Pharmacy shelves are packed with a bewildering assortment of drops for dry eyes. Many of these are non-medicated lubricating drops – or artificial tears. But there are several other types of drops, which can be very confusing. The following is a guide to the various types of drops used in the treatment of dry eyes.

Artificial tears

These consist of a huge range of lubricating drops, gels and ointments that supplement your own natural tear film. They come in preserved and unpreserved formulas. Unpreserved eye drops are always recommended (rather than preserved ones) as the perservatives are designed to kill live cells and can be very toxic to the eye’s delicate tissues.  Choose unit dose eye drops in small plastic tubes or measured dose eye drops in a valved delivery system (such as Hylo Forte). This avoids adding any additional irritants into your eyes.

Artificial tears have a role in supplementing your natural tear film, particularly in dry environments such as offices and airplanes. They replace moisture stripped by the dry air. In this way they act much like a moisturiser on your skin. We would caution, however, against the overuse of these drops. Even though they are not medicated, they can do more harm than good when overused. If you find you are using them more than 4-6 times a day, and not just in dry environments, then there is likely to be an underlying cause of dryness that is not being addressed. A proper diagnosis of your tear film, blink rate and quality and tear gland function, can help to identify what the underlying problem is.

Decongestant eye drops

These are vaso-constricters and cause the tiny blood vessels of the white of your eye to shrink, making the eyes look less red. They should be avoided other than for one-off occasions if absolutely necessary, as they result in a rebound effect. This means that when you stop using the eye drop, your eye becomes redder than it was to start. Decongestants are highly addictive. They do not treat the underlying cause of redness or dryness.

Antibiotic eye drops

Most red eyes are not caused by a bacterial eye infection, but when they are, antibiotic eye drops are often prescribed. Antibiotic eye drops are also used after surgery, to protect the vulnerable eye from getting an infection. Antibiotic eye drops are used to treat bacterial conjunctivitis, contact lens related eye infections and bacterial infections that can occur after eye surgery or trauma to the eye.  Certain bacterial eye infections are sight-threatening if not treated early and aggressively with antibiotics.
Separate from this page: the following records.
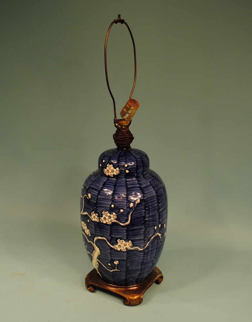 Oriental Design blue and white jar made into lamp on wood base, Jar 14 1/2"h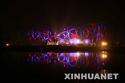 資料圖片:國家體育場(鳥巢)在五彩燈光的映照下璀璨亮麗。 新華社記者邢廣利攝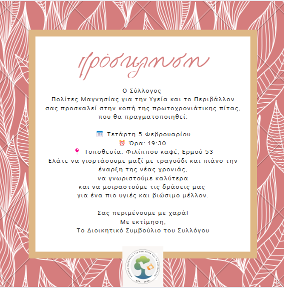 Εκδήλωση για την κοπή της πρωτοχρονιάτικης πίτας του διοργανώνει ο Σύλλογος “Πολίτες Μαγνησίας για την Υγεία και το Περιβάλλον”, την Τετάρτη 5 Φεβρουαρίου 2025, στις 19:30, στο καφέ Φιλίππου (Ερμού 53, Βόλος).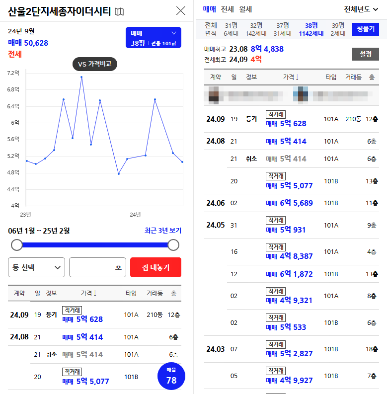 금회 공급하는 무순위 청약 세종시 산울동 자이더시티 L1블록 아파트 101B타입 시세 및 최근 실거래가입니다. 무순위 청약 1세대 총 분양가(발코니 확장비, 플러스 옵션, 가전 옵션)은 532,255,000원으로 2024년 하반기 마지막 거래로 약 5억 5천 중반에 거래가 되었습니다. 현재 세종시 아파트 부동산 시장은 좋지 않고 전월세 거래만 되고 있기에 정확한 매매 가격은 세종시 지역 내 부동산 시세를 확인해 봐야겠지만 매매 가격 약 6억 중반에서 7억 중반 이상으로 형성되어 있습니다. 이점 참고하시기 바랍니다.
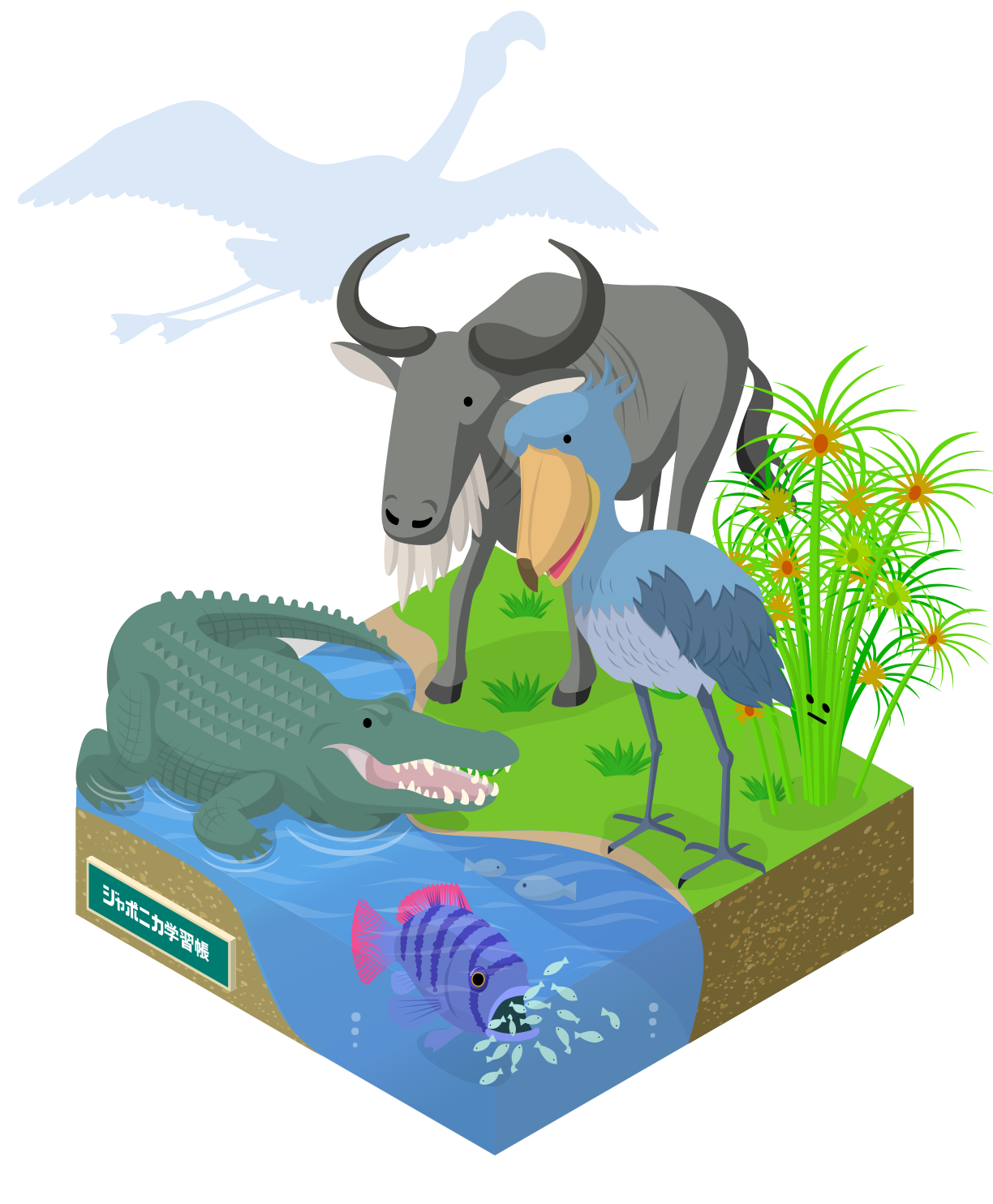 子どもの学びを応援するジャポニカ学習帳の監修のもと、アフリカのみずべに暮らす生き物たちを紹介していくぞ!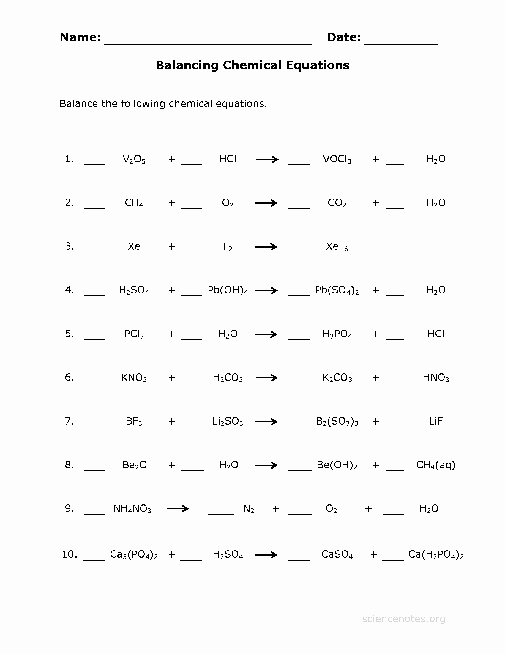 One way for students to practice balancing equations is through worksheets. These worksheets provide a series of chemical equations that students must balance by adjusting the coefficients of the compounds. Once students have balanced the equations, they can check their answers to ensure accuracy.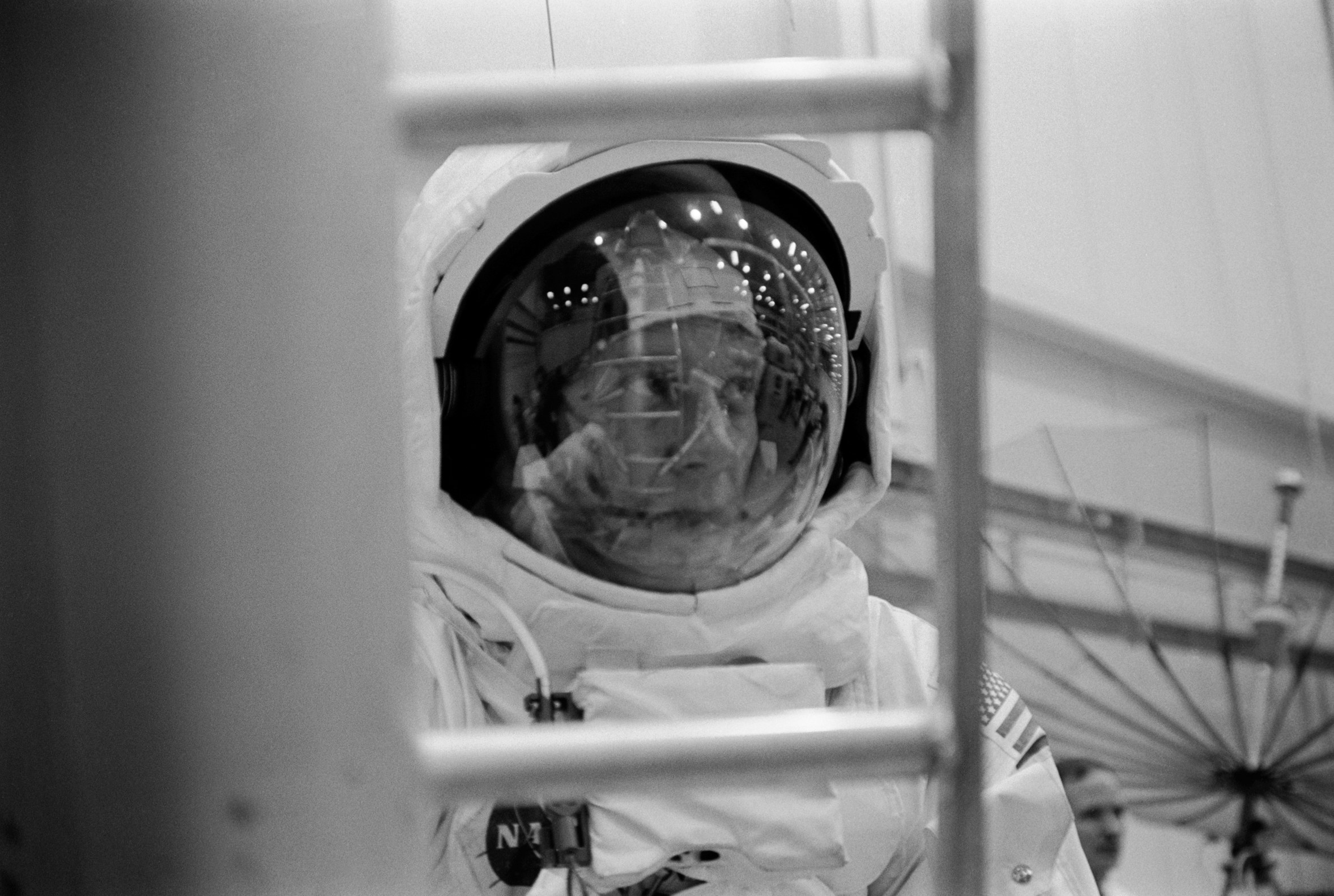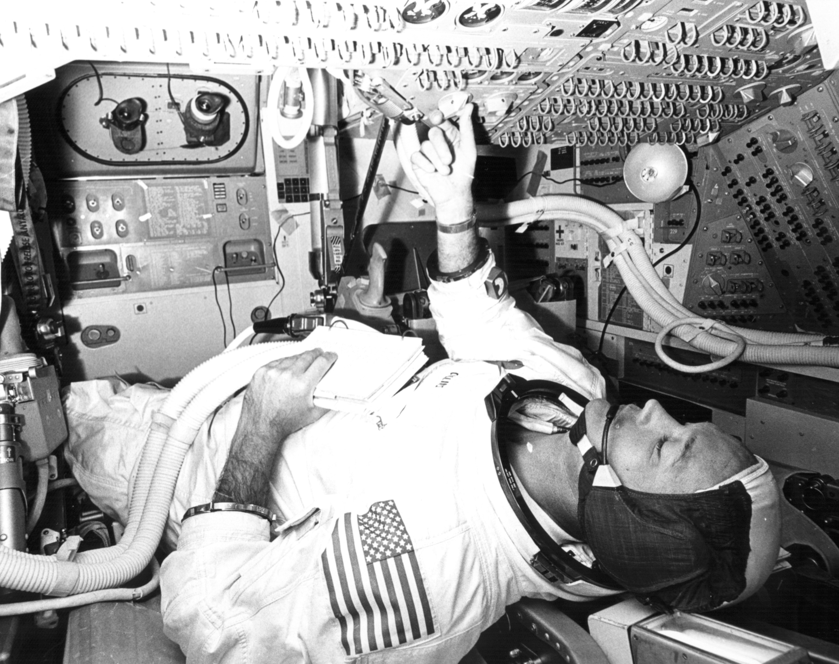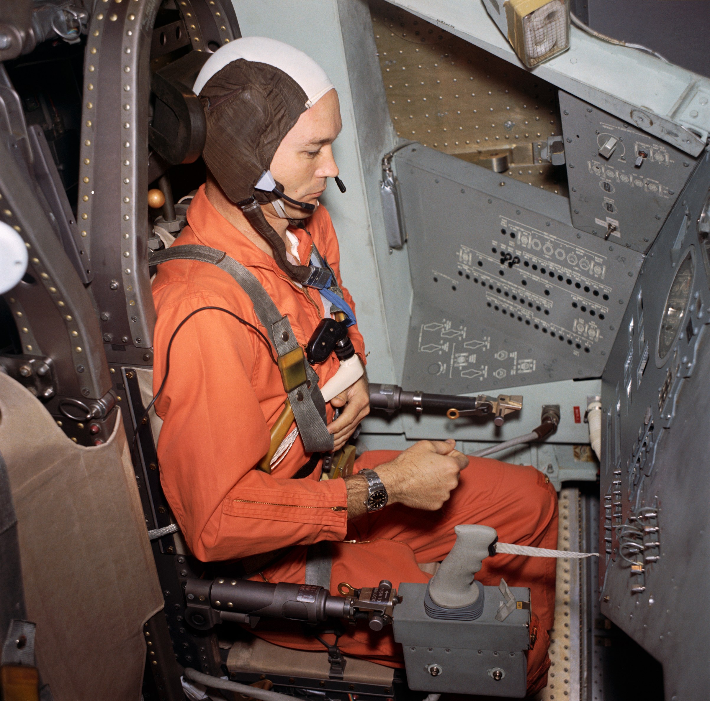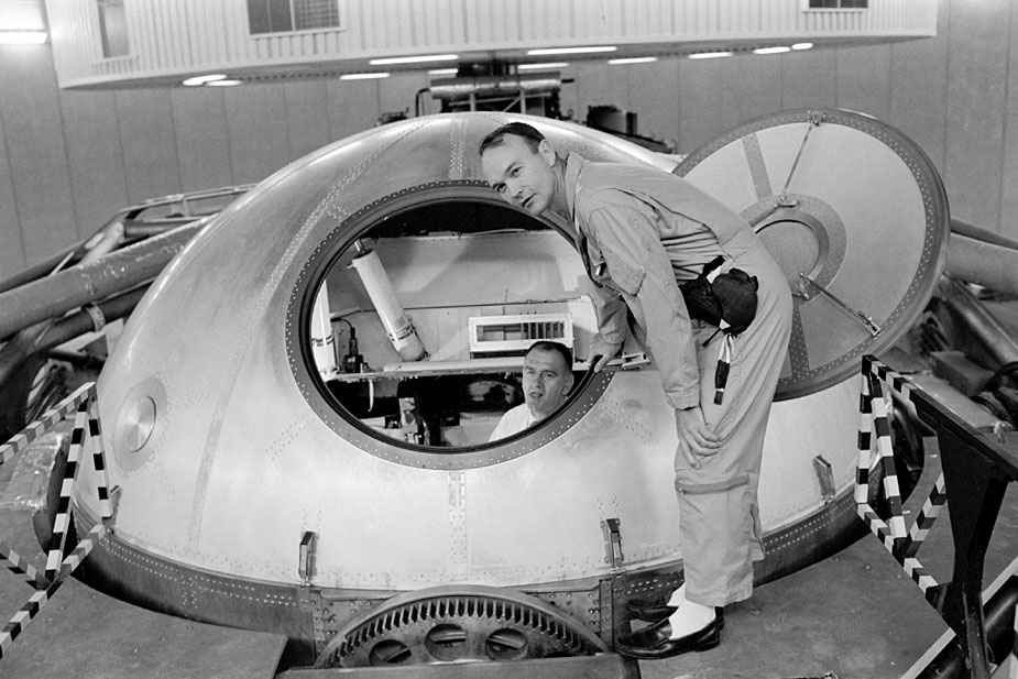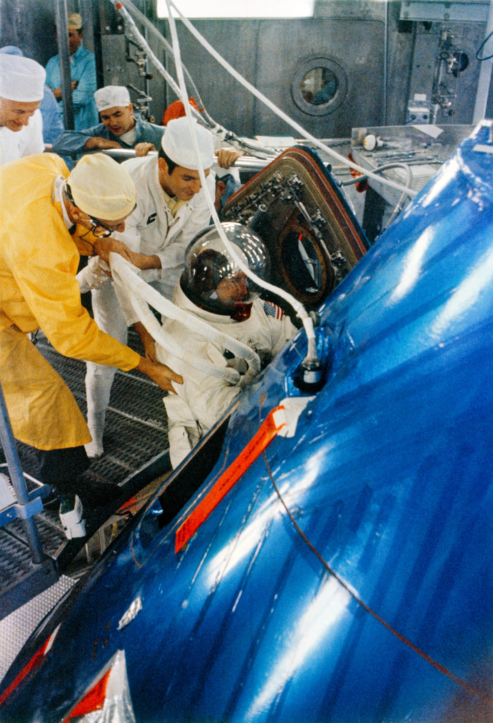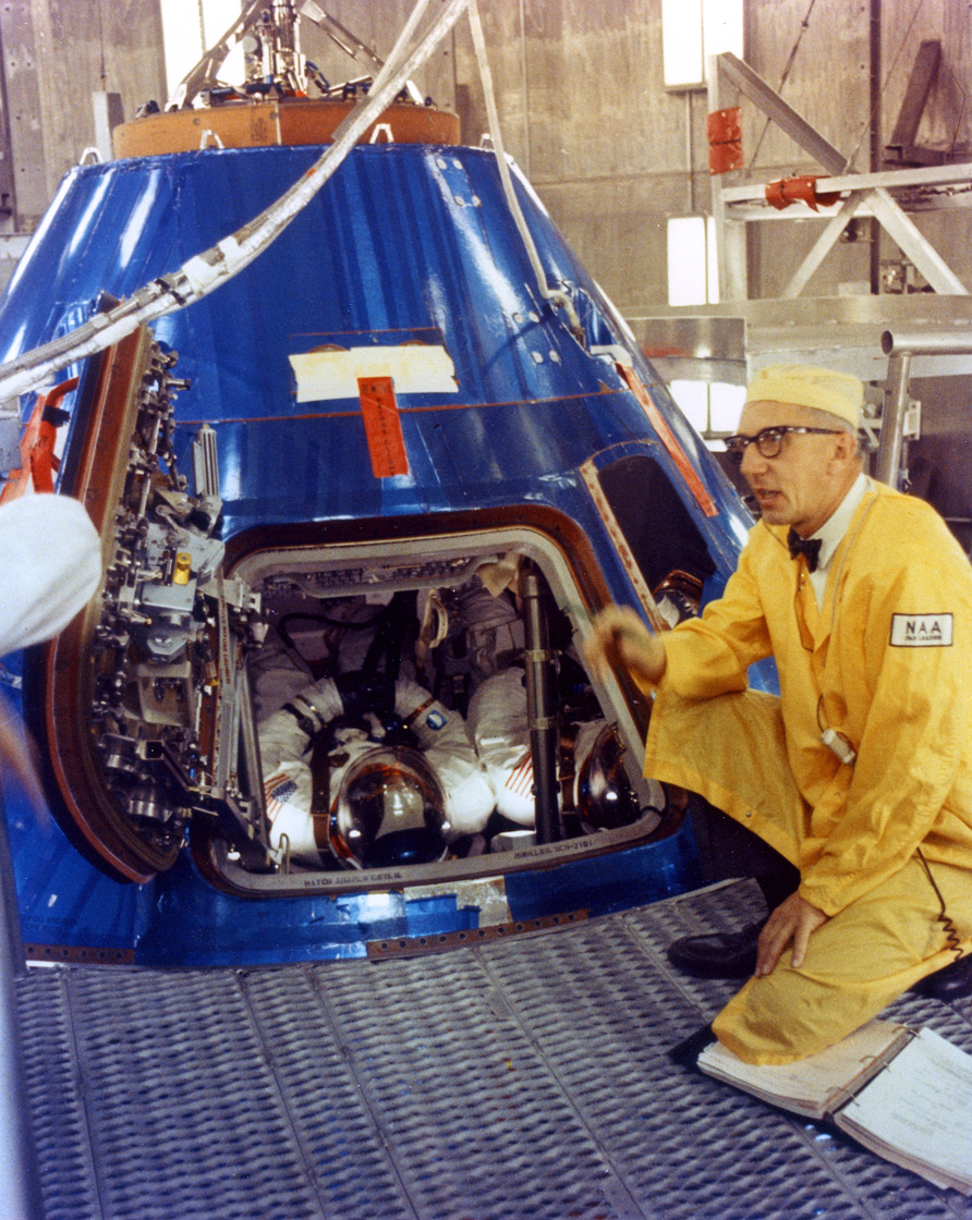 Mike Collins sits in hatch of Apollo 11 Command Module after its return to the Lunar Receiving Laboratory for detailed examination. Scan by J.L Pickering.69-H-1421 ( 136k )

These include some contact lens-related eye infections and infections that can occur inside the eye after surgery or injury.  The serious eye infections are often treated in hospitals to ensure the best outcome.

One of the most overused eye drops is an antibiotic called Chlorsig. It is indicated for the treatment of bacterial conjunctivitis and other non-sight-threatening eye infections unrelated to contact lens wear. Unfortunately is grossly overused. At the first sign of a red eye or conjunctivitis, GPs and patients reach for the Chlorsig (or Chloramphenicol eye drops). In fact, most of the time, these drops are not indicated and do more harm than good. If you have used them for 7 days and your symptoms have not resolved, then they are not the right drops for you. Stop using them and see a therapeutically endorsed optometrist or ophthalmologist for correct diagnosis of what’s going on. GPs can be the most trigger-happy when it comes to over-prescribing these eye drops.

Steroid eye drops

These are the mainstay of treatment for eye inflammation – whether caused by disease, infection, allergy or dryness. They are also used after eye sugery to control inflammation. Steroid eye drops, and their cousins, the non-steroidal anti-inflammatories (or NSAIDs) come in a range of different strengths, depending on what is being treated.  They should always be used for the duration recommended by your doctor / therapeutically endorsed optometrist.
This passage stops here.